You know, if you're willing to hold the other vendors to the same limited standard that you're requiring of Amazon, they're just as hassle-free. Barnes & Noble and Kobo have always worked fine if you're willing to limit yourself to their devices or apps, which are available on all the same platforms as the Kindle apps. If I want something that works great on a proprietary device and isn't portable without running it through Calibre first, both Kobo and Amazon fit the bill. If I never cared to move a Barnes & Noble book from either the app or a NOOK in the first place, then none of the download link or DRM stuff would have made a difference. As it is, I can retrieve the books from the NOOK app just as easily as I can with Amazon, with the added bonus that they're still unmangled epubs.

You can certainly argue that even though both Kobo and Barnes & Noble promised to make their books available to other platforms, they both failed in various ways. Not only did Amazon not try, though, they actually took active steps to prevent using their ebooks on other platforms. I'm not going to begrudge them the original mobi thing, since epub wasn't really viable yet.
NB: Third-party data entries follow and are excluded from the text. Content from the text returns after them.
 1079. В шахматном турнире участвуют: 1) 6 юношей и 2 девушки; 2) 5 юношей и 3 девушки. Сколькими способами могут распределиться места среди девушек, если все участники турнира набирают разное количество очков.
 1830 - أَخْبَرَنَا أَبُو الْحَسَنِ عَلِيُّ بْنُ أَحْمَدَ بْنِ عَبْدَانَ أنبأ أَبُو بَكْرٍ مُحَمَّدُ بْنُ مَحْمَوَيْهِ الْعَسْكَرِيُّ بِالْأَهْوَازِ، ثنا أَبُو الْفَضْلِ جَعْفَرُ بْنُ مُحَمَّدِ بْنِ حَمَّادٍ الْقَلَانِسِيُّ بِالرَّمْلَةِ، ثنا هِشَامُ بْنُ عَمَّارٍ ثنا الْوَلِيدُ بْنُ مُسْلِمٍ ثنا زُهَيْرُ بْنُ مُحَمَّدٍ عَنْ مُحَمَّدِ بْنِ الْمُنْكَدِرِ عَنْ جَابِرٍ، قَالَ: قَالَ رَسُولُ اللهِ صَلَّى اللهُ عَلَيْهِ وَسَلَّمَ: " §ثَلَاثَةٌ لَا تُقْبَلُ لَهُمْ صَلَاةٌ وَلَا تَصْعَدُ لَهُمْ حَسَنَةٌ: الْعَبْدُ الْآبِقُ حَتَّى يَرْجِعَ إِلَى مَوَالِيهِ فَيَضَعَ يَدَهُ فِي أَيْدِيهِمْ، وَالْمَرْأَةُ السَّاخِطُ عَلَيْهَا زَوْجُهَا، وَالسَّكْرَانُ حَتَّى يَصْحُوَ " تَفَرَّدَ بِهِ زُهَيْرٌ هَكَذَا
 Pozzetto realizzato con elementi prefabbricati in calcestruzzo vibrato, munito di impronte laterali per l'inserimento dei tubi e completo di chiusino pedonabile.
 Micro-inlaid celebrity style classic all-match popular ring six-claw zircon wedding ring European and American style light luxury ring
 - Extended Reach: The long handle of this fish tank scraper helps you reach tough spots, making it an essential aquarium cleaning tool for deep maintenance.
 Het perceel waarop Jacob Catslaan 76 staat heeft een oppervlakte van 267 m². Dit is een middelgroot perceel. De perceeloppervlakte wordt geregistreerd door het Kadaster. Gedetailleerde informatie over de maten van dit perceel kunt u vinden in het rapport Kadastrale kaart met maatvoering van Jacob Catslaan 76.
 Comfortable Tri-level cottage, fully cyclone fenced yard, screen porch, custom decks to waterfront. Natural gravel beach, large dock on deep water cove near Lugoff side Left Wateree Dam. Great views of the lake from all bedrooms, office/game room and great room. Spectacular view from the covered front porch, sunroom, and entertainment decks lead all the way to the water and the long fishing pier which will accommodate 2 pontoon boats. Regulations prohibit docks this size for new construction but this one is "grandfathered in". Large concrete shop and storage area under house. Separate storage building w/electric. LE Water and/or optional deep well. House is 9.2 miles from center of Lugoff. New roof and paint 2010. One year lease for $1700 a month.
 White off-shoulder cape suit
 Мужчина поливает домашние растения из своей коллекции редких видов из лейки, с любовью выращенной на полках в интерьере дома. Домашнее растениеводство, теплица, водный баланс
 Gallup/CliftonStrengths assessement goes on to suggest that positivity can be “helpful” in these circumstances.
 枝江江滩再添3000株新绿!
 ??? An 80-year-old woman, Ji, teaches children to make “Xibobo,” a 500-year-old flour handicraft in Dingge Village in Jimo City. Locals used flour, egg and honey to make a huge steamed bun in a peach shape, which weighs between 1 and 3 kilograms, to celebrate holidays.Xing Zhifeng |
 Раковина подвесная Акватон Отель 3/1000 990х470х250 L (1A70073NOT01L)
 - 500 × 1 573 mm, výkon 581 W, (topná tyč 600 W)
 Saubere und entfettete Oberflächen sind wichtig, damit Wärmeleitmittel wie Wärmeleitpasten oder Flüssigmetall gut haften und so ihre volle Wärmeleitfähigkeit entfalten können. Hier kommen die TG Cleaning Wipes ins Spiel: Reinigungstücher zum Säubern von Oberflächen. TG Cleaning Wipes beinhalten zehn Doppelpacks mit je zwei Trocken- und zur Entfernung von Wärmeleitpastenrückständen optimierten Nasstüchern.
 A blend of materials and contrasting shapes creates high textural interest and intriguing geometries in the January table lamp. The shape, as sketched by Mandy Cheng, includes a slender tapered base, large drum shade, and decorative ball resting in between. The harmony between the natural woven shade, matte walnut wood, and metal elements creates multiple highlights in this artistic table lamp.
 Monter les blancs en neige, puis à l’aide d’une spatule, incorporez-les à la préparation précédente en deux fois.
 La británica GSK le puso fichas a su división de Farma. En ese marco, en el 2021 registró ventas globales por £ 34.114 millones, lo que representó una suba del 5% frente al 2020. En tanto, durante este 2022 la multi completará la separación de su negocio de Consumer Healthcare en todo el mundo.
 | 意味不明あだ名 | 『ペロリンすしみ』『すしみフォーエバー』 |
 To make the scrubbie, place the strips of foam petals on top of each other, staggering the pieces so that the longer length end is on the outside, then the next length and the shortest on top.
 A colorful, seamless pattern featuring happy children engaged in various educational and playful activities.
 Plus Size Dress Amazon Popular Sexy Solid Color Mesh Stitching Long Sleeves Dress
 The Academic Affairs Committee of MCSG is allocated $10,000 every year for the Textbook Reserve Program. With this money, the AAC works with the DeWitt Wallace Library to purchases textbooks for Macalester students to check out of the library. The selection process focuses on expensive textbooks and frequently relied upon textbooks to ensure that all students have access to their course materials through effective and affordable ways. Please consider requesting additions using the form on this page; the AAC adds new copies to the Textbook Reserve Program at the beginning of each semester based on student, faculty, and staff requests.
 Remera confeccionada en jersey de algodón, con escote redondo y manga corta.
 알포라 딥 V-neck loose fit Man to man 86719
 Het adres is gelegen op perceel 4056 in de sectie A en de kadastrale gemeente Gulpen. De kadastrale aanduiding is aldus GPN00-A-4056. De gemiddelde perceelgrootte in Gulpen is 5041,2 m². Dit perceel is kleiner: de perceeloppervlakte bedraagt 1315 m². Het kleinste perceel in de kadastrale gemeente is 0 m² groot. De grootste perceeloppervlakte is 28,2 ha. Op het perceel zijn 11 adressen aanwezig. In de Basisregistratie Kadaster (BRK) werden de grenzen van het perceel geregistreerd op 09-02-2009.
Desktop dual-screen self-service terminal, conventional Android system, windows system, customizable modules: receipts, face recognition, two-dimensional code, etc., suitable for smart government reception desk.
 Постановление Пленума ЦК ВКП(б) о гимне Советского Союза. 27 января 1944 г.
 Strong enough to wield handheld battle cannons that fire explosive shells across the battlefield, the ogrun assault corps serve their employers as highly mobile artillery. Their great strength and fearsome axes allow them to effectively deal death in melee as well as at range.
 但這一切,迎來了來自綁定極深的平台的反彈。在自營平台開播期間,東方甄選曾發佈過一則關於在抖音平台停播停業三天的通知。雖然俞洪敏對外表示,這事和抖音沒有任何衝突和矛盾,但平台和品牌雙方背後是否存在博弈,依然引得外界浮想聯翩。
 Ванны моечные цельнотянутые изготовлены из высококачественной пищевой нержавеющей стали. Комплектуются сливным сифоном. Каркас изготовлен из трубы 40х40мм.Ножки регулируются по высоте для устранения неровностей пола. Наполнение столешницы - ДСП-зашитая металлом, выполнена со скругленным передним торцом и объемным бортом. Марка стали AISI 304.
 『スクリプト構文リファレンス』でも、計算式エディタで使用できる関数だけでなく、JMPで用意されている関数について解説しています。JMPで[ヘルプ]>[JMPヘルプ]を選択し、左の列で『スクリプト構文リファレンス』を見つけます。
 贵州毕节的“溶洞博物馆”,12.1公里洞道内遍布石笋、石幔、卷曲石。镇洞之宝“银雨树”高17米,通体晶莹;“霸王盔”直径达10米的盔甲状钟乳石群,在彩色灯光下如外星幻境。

Once it was, though, and the capabilities of their new devices moved beyond mobi, a consumer-friendly company would have just moved to epub. Instead, they just wrapped the same information in a proprietary shell to make portability more difficult instead of less. That's not some sort of fluke, either, as they did the same thing to PDF. Instead of just delivering a PDF to a device that already supports PDF(!), they wrap it up and call it "Print Replica", which is just like a PDF, except you can't use it on other devices (or even use the table of contents on a Kindle).

Apparently, the big mistake that Barnes & Noble and Kobo made was in not training their customer base to have low enough expectations. Amazon certainly proved that to be a much better strategy for commercial success.

I don't have any problem with you buying whatever you want from Amazon, but if you're going to compare other stores to them, hold everybody to the same set of standards.